- _Your assignment_
Repeat the listing exactly, minus the pictures.

- _Dataset extract_
···

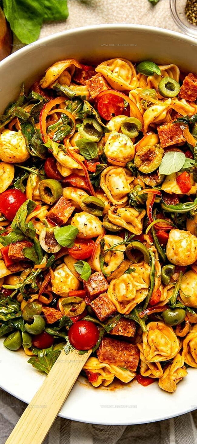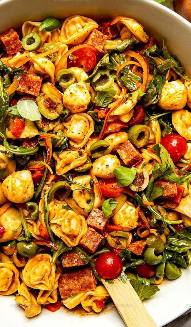 - In a spacious mixing bowl, combine cooled tortellini with diced red onion, roasted bell peppers, halved cherry tomatoes, sliced olives, chopped salami, and cubed mozzarella.
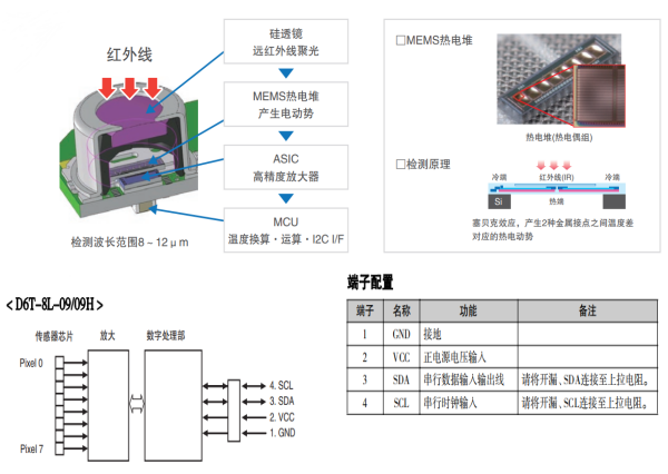 熱電堆紅外傳感器,就是利用貝塞克效應,內部由兩個或多個熱電偶串聯組成熱電堆芯片,通過吸收物體表面的紅外輻射,當目標溫度與參考溫度存在溫度差時,熱電偶產生的熱電動勢互相疊加并輸出對應溫度的電壓信號。這樣,使用熱電堆測量溫度時,一來可以克服單個熱電偶產生的電勢差太小而難以測量的缺點,二來可以避免使用價格較高的精度運算放大器。目前市面上熱電堆傳感器主要有模擬輸出型及數字輸出型這兩種類型,模擬輸出型雖然內部結構簡單且價格便宜, 但電路設計時需要考慮的問題較多,除了需要搭配低溫漂的運放+高精度ADC, 還要考慮低功耗、高SNR信噪比及電路穩定性等等,這些對研發人員來說是一項不小的挑戰。而歐姆龍D6T系列熱電堆紅外傳感器, 內置ASIC+高精度運放,通過內置MCU進行AD轉換及信號處理,可通過I2C數字接口獲取溫度數據。這樣不僅測溫電路穩定性有保障,也大大縮短了產品開發周期,一定程度上也節省了開發成本。
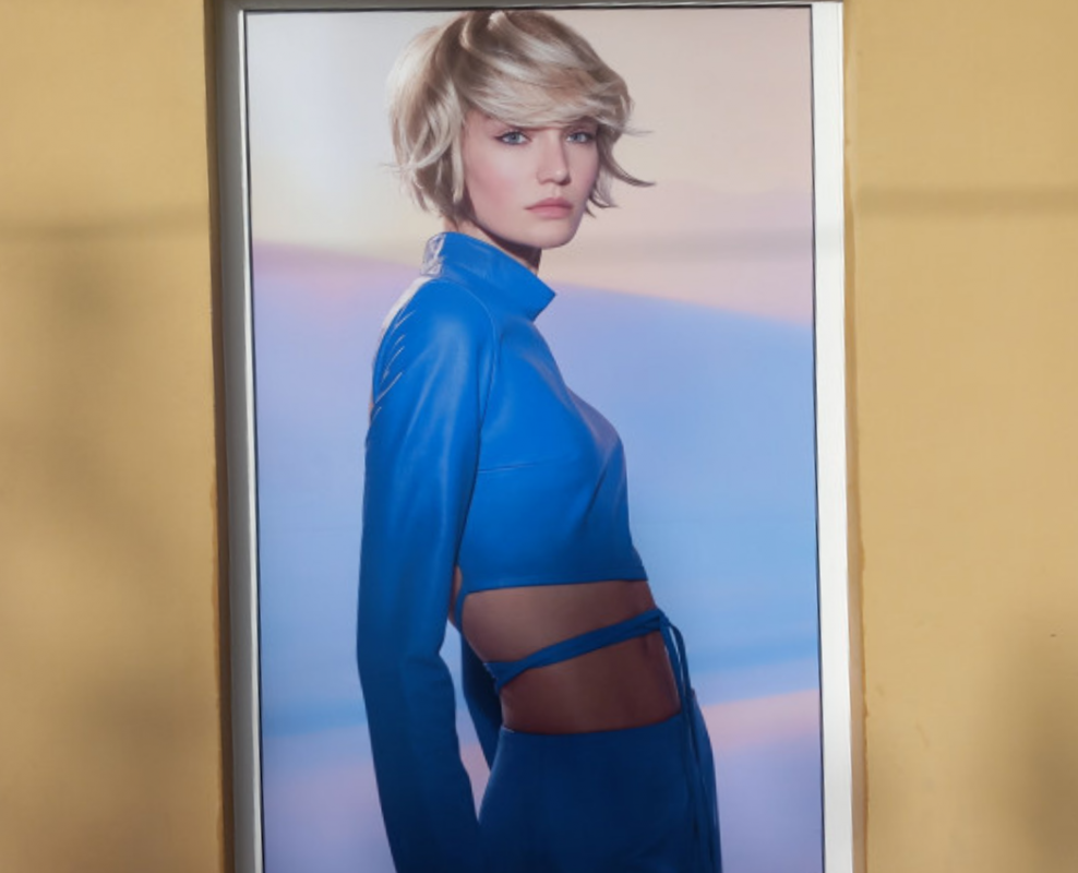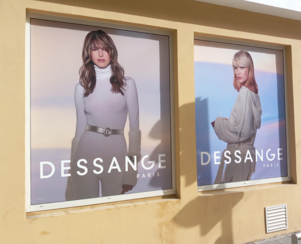 Habillage du salon Flagship aux couleurs de Dessange Paris et de la boutique de Nice. On retrouve ici des éléments de signalétique extérieure forts permettant une belle visibilité de la marque Dessange auprès des passants. Les vitrines ont été habillées d'adhésif microperforé et disposent de stores et lambrequins lumineux. A l'entrée, une plaque en plexiglas élégante reprend les codes graphiques de cette enseigne nationale.

···

- _Finished exercise_
 - In a spacious mixing bowl, combine cooled tortellini with diced red onion, roasted bell peppers, halved cherry tomatoes, sliced olives, chopped salami, and cubed mozzarella.
 熱電堆紅外傳感器,就是利用貝塞克效應,內部由兩個或多個熱電偶串聯組成熱電堆芯片,通過吸收物體表面的紅外輻射,當目標溫度與參考溫度存在溫度差時,熱電偶產生的熱電動勢互相疊加并輸出對應溫度的電壓信號。這樣,使用熱電堆測量溫度時,一來可以克服單個熱電偶產生的電勢差太小而難以測量的缺點,二來可以避免使用價格較高的精度運算放大器。目前市面上熱電堆傳感器主要有模擬輸出型及數字輸出型這兩種類型,模擬輸出型雖然內部結構簡單且價格便宜, 但電路設計時需要考慮的問題較多,除了需要搭配低溫漂的運放+高精度ADC, 還要考慮低功耗、高SNR信噪比及電路穩定性等等,這些對研發人員來說是一項不小的挑戰。而歐姆龍D6T系列熱電堆紅外傳感器, 內置ASIC+高精度運放,通過內置MCU進行AD轉換及信號處理,可通過I2C數字接口獲取溫度數據。這樣不僅測溫電路穩定性有保障,也大大縮短了產品開發周期,一定程度上也節省了開發成本。
 Habillage du salon Flagship aux couleurs de Dessange Paris et de la boutique de Nice. On retrouve ici des éléments de signalétique extérieure forts permettant une belle visibilité de la marque Dessange auprès des passants. Les vitrines ont été habillées d'adhésif microperforé et disposent de stores et lambrequins lumineux. A l'entrée, une plaque en plexiglas élégante reprend les codes graphiques de cette enseigne nationale.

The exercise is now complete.